Christian Kleinerman, EVP Product, Snowflake
“The EU AI Act’s new guidelines are a defining moment for AI in Europe, in advocating for the safe and responsible use of AI. The AI Act’s risk-based approach is especially important because it focuses regulation on how AI is deployed and used, rather than treating all AI systems equally. By elevating AI literacy as a core requirement, the EU is putting people at the center of AI’s discourse. As AI evolves to become more autonomous and drive business decision-making, trust and safety are essential foundations to the skills and platforms we rely on.

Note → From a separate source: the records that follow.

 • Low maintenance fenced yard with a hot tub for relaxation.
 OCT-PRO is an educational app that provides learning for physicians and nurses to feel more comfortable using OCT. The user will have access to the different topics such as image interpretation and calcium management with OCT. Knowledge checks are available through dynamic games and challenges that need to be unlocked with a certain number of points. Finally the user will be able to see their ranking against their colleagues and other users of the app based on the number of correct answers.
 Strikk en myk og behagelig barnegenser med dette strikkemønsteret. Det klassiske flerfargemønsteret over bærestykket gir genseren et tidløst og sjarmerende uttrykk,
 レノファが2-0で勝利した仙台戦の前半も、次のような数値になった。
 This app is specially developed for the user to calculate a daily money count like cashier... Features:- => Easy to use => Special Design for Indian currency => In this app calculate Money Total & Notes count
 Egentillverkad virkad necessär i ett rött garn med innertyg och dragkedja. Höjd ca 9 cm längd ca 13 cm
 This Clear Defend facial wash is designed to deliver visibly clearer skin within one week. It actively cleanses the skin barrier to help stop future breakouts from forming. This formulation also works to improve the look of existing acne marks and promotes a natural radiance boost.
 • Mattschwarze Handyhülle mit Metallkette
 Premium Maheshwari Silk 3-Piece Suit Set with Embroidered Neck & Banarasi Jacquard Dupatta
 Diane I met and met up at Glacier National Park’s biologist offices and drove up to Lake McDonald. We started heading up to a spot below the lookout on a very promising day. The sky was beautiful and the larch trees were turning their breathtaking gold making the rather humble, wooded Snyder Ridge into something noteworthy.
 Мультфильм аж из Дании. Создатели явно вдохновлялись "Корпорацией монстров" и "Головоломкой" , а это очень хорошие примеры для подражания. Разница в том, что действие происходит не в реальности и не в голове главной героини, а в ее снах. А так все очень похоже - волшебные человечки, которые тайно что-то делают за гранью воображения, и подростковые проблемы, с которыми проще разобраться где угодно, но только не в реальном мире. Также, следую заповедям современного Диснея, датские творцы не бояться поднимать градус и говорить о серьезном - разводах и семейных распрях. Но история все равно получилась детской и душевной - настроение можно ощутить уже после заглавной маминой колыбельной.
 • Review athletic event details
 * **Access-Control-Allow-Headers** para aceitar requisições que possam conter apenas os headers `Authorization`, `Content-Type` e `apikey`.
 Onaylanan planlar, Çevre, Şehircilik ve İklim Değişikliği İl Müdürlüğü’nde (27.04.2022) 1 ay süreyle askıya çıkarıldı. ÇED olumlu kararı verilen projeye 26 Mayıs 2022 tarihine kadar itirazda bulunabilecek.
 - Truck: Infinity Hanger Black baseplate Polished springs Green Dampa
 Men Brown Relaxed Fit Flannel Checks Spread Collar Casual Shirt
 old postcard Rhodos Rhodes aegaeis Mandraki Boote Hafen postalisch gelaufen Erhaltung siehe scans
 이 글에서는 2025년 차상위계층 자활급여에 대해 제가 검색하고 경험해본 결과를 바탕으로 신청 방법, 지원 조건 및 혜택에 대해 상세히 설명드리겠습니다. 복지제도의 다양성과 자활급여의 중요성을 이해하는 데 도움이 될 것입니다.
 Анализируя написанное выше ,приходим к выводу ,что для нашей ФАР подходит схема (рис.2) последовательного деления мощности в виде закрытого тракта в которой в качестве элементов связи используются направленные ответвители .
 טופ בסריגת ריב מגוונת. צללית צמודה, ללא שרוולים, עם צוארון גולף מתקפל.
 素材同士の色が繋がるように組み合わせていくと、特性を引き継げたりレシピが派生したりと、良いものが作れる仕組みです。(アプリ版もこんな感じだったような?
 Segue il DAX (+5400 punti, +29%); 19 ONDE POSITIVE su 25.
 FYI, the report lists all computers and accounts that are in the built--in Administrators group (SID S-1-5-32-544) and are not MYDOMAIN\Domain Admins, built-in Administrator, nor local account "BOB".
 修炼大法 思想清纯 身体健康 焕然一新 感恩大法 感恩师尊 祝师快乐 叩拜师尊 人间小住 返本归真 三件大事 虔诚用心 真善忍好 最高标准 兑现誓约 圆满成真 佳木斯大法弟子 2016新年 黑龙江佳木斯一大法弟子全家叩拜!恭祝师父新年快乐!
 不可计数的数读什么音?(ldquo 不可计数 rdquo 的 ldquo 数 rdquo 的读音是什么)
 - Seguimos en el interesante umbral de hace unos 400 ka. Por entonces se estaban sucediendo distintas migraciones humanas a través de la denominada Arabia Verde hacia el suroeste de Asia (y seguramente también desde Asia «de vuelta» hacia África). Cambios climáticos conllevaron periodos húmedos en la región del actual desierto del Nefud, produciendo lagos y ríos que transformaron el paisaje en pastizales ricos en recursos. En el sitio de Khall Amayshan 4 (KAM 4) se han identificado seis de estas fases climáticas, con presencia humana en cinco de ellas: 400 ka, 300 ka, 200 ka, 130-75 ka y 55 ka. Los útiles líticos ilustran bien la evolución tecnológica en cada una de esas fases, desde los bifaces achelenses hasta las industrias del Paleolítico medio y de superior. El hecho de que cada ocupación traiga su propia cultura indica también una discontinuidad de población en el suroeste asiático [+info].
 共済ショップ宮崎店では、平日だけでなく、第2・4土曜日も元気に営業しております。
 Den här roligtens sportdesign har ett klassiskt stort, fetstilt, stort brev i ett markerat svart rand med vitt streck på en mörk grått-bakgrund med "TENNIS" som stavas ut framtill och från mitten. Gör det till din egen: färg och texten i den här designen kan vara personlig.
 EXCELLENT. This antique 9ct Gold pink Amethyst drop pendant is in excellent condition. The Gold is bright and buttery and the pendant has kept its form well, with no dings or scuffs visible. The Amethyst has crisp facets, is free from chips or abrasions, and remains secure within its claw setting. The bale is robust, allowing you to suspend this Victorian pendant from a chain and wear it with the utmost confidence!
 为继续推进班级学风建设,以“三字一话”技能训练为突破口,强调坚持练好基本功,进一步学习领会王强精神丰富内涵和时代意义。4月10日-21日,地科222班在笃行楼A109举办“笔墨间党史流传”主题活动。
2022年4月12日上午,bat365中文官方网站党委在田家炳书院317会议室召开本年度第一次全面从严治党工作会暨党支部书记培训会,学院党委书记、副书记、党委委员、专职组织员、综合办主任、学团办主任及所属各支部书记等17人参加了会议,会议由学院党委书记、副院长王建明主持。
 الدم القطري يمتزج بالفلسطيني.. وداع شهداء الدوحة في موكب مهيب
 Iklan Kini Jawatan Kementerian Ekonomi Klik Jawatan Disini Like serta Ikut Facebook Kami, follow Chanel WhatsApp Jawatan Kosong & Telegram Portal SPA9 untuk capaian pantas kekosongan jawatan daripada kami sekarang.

“With the regulatory landscape taking shape, businesses must place a greater focus on transparency, traceability, and auditability. This will ensure they have the right frameworks in place to meet their respective obligations. For many organizations, the biggest challenge isn’t the models themselves, but understanding and governing how AI systems interact with sensitive data and business processes.
“This shift creates a real opportunity for European organizations. Balancing innovation with compliance doesn’t mean slowing down, it means designing systems where regulatory requirements are built in by default, not managed manually or bolted on later. When governance, security, and monitoring are native to a platform, teams can innovate faster because they’re not constantly reinventing guardrails. Companies that move fast and earn trust in AI will be the ones that unlock a competitive advantage.
“Responsible innovation demands partnership — across industries, with regulators, and with society at large. Leadership in AI starts with transparency, strong governance, and human oversight, ensuring that systems are explainable and not treating AI as an opaque black box. AI itself isn’t inherently good or bad, it reflects how responsibly we choose to wield it. Responsibility doesn’t stop at model design, it extends to how we prepare people and institutions for an AI-driven economy.”